一方で、値上げされました。パーツにより概ね2~5%というところですが、昨今の木材や物流のコスト上昇を踏まえると、むしろ頑張ったほうだと思います。ちなみに、オンラインショップでは商品名はFOPPISHのままですが、価格は2になっています(苦笑)

 

RIPIAも2にバージョンアップ

FOPPISHだけではありません。「RIPIA(リピア)」までもが2にバージョンアップしました。

ただ、こちらはどこが変わったか分かります。デスクは価格も含めて変わらずですが、シェルフは引出し付きのものが登場したり、W60のボックスの仕切り板がなくなったり、すべて変更になっています。このあたりはユーザーのニーズやセット価格を再検討した結果かもしれません。

 

MEZZO2が再登場

REVE2がカタログから消えた代わりか、リモートワーク推しの一環か、2018年度を最後にキッズ家具カタログから消えていた「MEZZO2(メッツォ2)」が再登場しています。

天板サイズは幅70cmから最大300cmまで、奥行は45cmと55cmの2サイズが用意されています。材質はタモのみウレタン塗装、ウォールナット、ブラックチェリー、オークはオイル塗装で、オークはミルクオイル塗装も用意されていて全5色展開。国産ならではのきめ細かいオーダーが可能となっています。リビングダイニングに造作家具のように設えることができ、リモートワークに最適と言えるでしょう。

 

THEOにリノリウム天板が追加

「SARCLE(サークル)」に続き、「THEO(テオ)」にもリノリウム天板モデルが追加されました。しかも、THEOなんて登場以来ずっと末席の扱いだったのに、今年度はリモートワーク推しのせいかカタログ上で2番目に格上げされています。

学習机としては存在意義の薄かったTHEOですが、リモートワーク用と考えればアリなのかもしれませんね。なお、THEOシリーズは概ね4%前後の値上げとなっています。ちなみに、SARCLEシリーズは特に変化はなく、概ね5~6%の値上げです。

 

VARIOは10%前後の値上げ

2022年度のアクタスの学習机は概ね5%程度の値上げに抑えていますが、「VARIO(ヴァリオ)」は概ね10%前後の値上げとなっています。ただし、パーツによっては最大約18%も値上げしています。

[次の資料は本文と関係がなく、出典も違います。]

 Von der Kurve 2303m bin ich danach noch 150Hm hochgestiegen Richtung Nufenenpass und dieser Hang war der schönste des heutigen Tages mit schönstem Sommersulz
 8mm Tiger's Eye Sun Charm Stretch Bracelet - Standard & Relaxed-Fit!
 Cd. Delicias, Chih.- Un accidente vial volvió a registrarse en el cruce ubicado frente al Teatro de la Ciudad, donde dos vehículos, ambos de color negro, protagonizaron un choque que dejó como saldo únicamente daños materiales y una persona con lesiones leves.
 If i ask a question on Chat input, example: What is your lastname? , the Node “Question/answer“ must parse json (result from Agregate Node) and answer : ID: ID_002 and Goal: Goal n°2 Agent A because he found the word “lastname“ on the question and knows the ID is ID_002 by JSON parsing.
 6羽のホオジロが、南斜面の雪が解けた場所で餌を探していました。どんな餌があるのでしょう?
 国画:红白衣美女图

ちなみに、「TEMPO(テンポ)」シリーズの寝具以外も概ね10%前後の値上げ。ロットの減少に伴うものかもしれませんが、メープルの価格が上がっている影響とも考えられます。

 

というわけで、2022年度のアクタスの学習机は価格を含めて少しずつ、しかし決して少なくない数の変更が加えられました。

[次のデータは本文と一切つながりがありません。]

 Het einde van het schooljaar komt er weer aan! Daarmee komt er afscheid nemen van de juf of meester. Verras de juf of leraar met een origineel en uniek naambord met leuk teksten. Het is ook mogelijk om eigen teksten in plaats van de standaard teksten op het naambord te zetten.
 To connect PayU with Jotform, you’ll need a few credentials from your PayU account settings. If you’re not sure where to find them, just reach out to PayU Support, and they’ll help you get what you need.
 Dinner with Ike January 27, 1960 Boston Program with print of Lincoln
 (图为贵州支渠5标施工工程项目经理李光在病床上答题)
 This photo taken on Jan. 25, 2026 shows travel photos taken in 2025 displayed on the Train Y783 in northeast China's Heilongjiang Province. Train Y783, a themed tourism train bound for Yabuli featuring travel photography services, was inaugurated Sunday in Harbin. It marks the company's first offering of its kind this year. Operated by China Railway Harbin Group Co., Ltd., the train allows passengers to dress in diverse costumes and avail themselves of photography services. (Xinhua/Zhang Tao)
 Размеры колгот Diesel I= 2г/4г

特にお父さんのリモートワークを絡めての切り口は面白いと思います。カリモク家具が”ファミリーシェアデスク”という切り口で提案しているのと通じるところがある一方で、お父さんにターゲットを絞っているところが興味深いところです。

学習机を選ぶ際の決定権はお母さんが握っていることが多いと言われますが、果たしてアクタスはお父さんのハートを鷲掴みにすることができるでしょうか。